Task input
····················
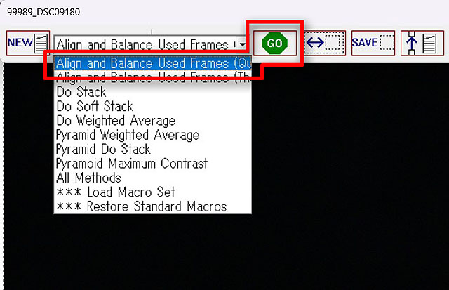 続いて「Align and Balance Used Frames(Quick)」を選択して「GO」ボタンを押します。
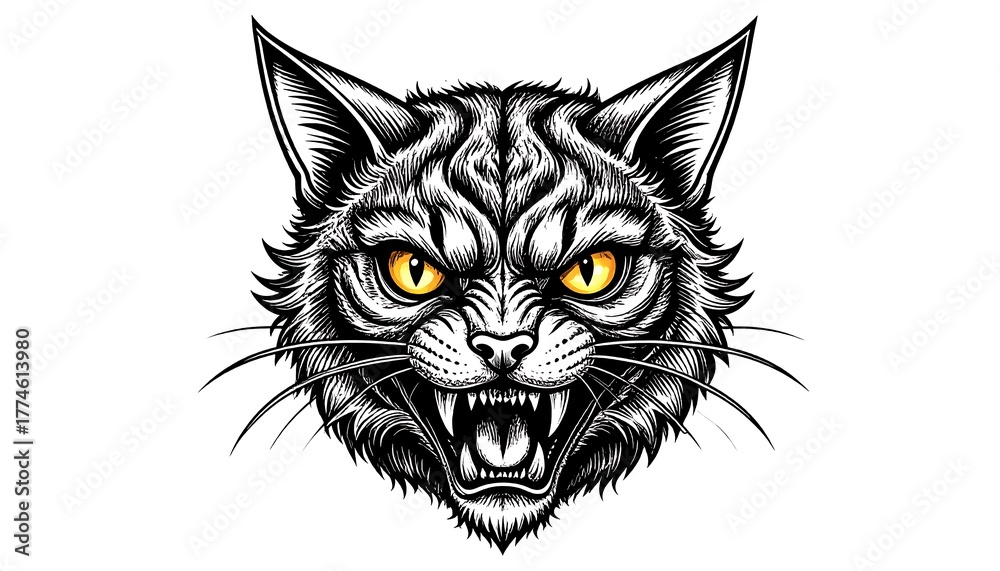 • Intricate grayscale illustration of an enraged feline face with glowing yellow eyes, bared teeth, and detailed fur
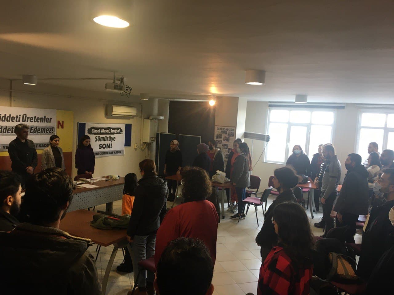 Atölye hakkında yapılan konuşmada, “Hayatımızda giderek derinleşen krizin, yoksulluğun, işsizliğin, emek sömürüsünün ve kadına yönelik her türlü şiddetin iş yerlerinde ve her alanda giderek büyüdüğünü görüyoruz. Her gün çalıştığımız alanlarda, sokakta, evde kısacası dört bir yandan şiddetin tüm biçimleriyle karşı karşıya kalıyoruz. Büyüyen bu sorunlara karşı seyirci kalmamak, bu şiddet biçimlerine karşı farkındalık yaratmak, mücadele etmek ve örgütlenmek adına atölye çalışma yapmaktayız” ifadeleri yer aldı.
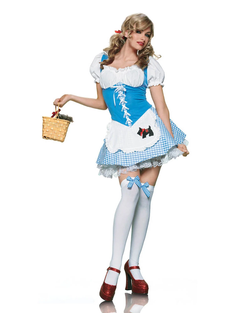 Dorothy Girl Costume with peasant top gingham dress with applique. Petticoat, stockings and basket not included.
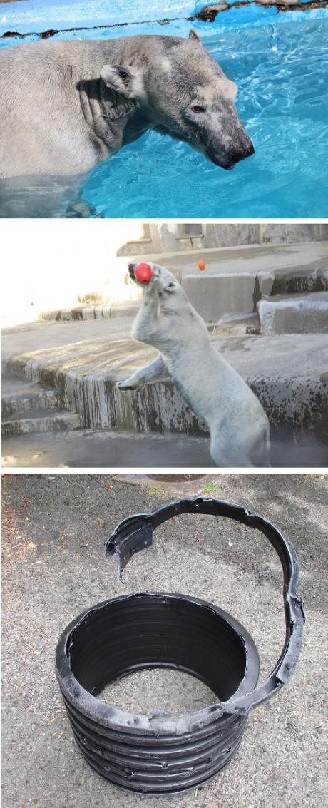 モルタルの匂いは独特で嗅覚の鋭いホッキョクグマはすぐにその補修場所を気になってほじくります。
····················
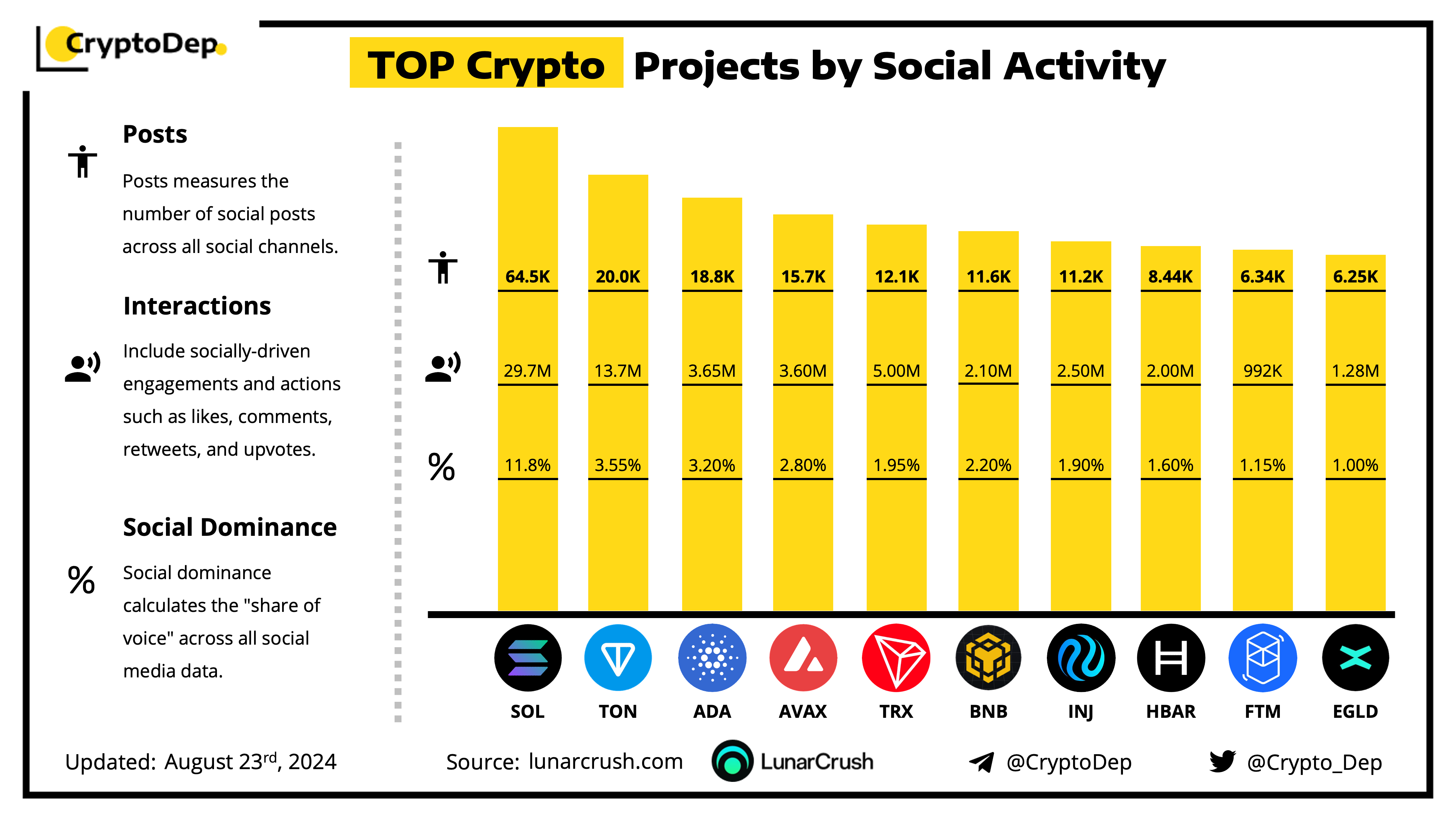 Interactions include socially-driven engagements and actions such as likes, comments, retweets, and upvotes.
····················
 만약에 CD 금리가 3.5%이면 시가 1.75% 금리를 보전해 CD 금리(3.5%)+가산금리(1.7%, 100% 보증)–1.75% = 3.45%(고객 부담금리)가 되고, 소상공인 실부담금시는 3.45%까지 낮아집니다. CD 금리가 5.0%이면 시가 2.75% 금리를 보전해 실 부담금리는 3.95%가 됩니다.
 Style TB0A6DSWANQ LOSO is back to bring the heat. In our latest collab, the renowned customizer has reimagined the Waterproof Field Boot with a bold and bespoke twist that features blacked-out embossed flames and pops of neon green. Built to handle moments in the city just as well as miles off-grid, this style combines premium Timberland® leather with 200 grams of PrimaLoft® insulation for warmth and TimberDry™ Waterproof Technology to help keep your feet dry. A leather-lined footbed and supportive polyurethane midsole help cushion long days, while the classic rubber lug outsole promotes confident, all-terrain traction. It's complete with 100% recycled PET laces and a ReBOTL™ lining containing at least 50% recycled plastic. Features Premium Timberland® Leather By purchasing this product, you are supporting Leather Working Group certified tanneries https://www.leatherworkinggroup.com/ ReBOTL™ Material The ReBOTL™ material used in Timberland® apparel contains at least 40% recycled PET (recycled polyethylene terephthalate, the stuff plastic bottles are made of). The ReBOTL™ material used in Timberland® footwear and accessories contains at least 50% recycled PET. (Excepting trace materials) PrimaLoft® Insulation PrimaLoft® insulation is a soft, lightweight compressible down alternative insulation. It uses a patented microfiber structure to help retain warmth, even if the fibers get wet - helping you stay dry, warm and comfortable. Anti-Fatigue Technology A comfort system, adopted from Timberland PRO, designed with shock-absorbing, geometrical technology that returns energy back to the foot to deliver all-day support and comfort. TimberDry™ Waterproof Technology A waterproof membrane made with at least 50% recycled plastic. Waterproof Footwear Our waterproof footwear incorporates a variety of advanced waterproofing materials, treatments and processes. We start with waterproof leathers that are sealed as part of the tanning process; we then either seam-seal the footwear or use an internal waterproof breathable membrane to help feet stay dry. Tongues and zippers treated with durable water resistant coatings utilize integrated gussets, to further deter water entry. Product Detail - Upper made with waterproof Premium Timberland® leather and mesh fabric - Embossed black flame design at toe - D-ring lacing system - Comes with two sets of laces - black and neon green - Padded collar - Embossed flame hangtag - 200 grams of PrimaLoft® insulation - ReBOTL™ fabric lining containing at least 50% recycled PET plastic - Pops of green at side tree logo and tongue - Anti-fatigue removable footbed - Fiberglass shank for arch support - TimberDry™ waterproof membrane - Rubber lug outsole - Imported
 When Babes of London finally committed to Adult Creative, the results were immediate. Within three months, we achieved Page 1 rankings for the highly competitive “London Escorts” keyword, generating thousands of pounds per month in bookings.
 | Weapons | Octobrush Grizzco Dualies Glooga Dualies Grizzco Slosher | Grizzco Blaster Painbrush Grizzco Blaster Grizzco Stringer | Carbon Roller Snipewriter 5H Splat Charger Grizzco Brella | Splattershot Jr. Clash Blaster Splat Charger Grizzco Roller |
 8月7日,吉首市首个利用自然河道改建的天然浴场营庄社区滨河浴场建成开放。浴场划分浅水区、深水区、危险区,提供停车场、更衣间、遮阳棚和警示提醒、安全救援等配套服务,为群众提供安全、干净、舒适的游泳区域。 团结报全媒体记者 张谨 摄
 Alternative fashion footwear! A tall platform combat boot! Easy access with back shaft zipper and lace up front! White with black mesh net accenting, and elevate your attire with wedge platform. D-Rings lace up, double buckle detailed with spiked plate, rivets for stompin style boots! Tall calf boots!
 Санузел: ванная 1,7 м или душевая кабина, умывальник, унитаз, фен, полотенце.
····················
Task statement
In the listing above, find the line with "続いて「Align and Balance" and the line with "モルタルの匂いは独特で嗅覚の". Output both, plus every line between them, and no pictures.

Answer space
 続いて「Align and Balance Used Frames(Quick)」を選択して「GO」ボタンを押します。
 • Intricate grayscale illustration of an enraged feline face with glowing yellow eyes, bared teeth, and detailed fur
 Atölye hakkında yapılan konuşmada, “Hayatımızda giderek derinleşen krizin, yoksulluğun, işsizliğin, emek sömürüsünün ve kadına yönelik her türlü şiddetin iş yerlerinde ve her alanda giderek büyüdüğünü görüyoruz. Her gün çalıştığımız alanlarda, sokakta, evde kısacası dört bir yandan şiddetin tüm biçimleriyle karşı karşıya kalıyoruz. Büyüyen bu sorunlara karşı seyirci kalmamak, bu şiddet biçimlerine karşı farkındalık yaratmak, mücadele etmek ve örgütlenmek adına atölye çalışma yapmaktayız” ifadeleri yer aldı.
 Dorothy Girl Costume with peasant top gingham dress with applique. Petticoat, stockings and basket not included.
 モルタルの匂いは独特で嗅覚の鋭いホッキョクグマはすぐにその補修場所を気になってほじくります。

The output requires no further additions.